Al2Zn3S6 is a ternary intermetallic compound combining aluminum, zinc, and sulfur, representing an emerging material in the metal-sulfide family rather than a conventional alloy. This compound is primarily of research interest for potential applications in semiconductor technology, photovoltaic systems, and solid-state chemistry, as the Al-Zn-S system offers possibilities for tailored electronic and optical properties not readily available in binary alternatives.

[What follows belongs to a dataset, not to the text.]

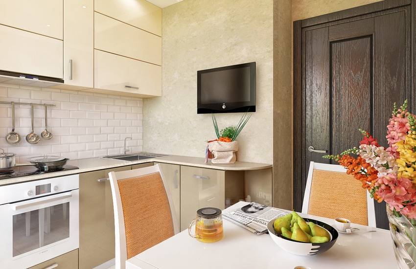 При подборе конкретного места для размещения устройства важно учесть и дизайн кухни. Телевизор должен органично вливаться в обстановку, подчеркивать стиль интерьера.

Al2ZnS4 is a ternary compound combining aluminum, zinc, and sulfur elements, representing a specialized ceramic or intermetallic material with potential applications in semiconductor and optoelectronic research. This material belongs to the broader family of multinary sulfides and zinc-aluminum compounds, which are investigated for their electrochemical, thermal, and light-emission properties. While not widely established in mainstream industrial production, materials in this chemical family are explored for niche applications requiring specific combinations of hardness, thermal stability, and electronic functionality that conventional binary compounds cannot readily provide.
Al2ZnSe2S2 is a quaternary semiconductor compound combining aluminum, zinc, selenium, and sulfur elements, belonging to the family of mixed-anion semiconductors. This is primarily a research material investigated for optoelectronic and photovoltaic applications, where the tunable bandgap and mixed chalcogenide composition offer potential advantages over binary semiconductors for tailoring optical and electronic properties.
Al₂ZnSe₄ is a quaternary semiconductor compound combining aluminum, zinc, and selenium elements, belonging to the family of II-VI and I-III-VI₂ semiconductors. This material is primarily of research and developmental interest rather than a mature commercial product, with potential applications in optoelectronic devices and solid-state physics where its semiconductor bandgap properties could be exploited. The material is notable within the context of wide-bandgap semiconductor research, where variations in composition allow tuning of electronic and optical properties for specialized photonic and thermal management applications.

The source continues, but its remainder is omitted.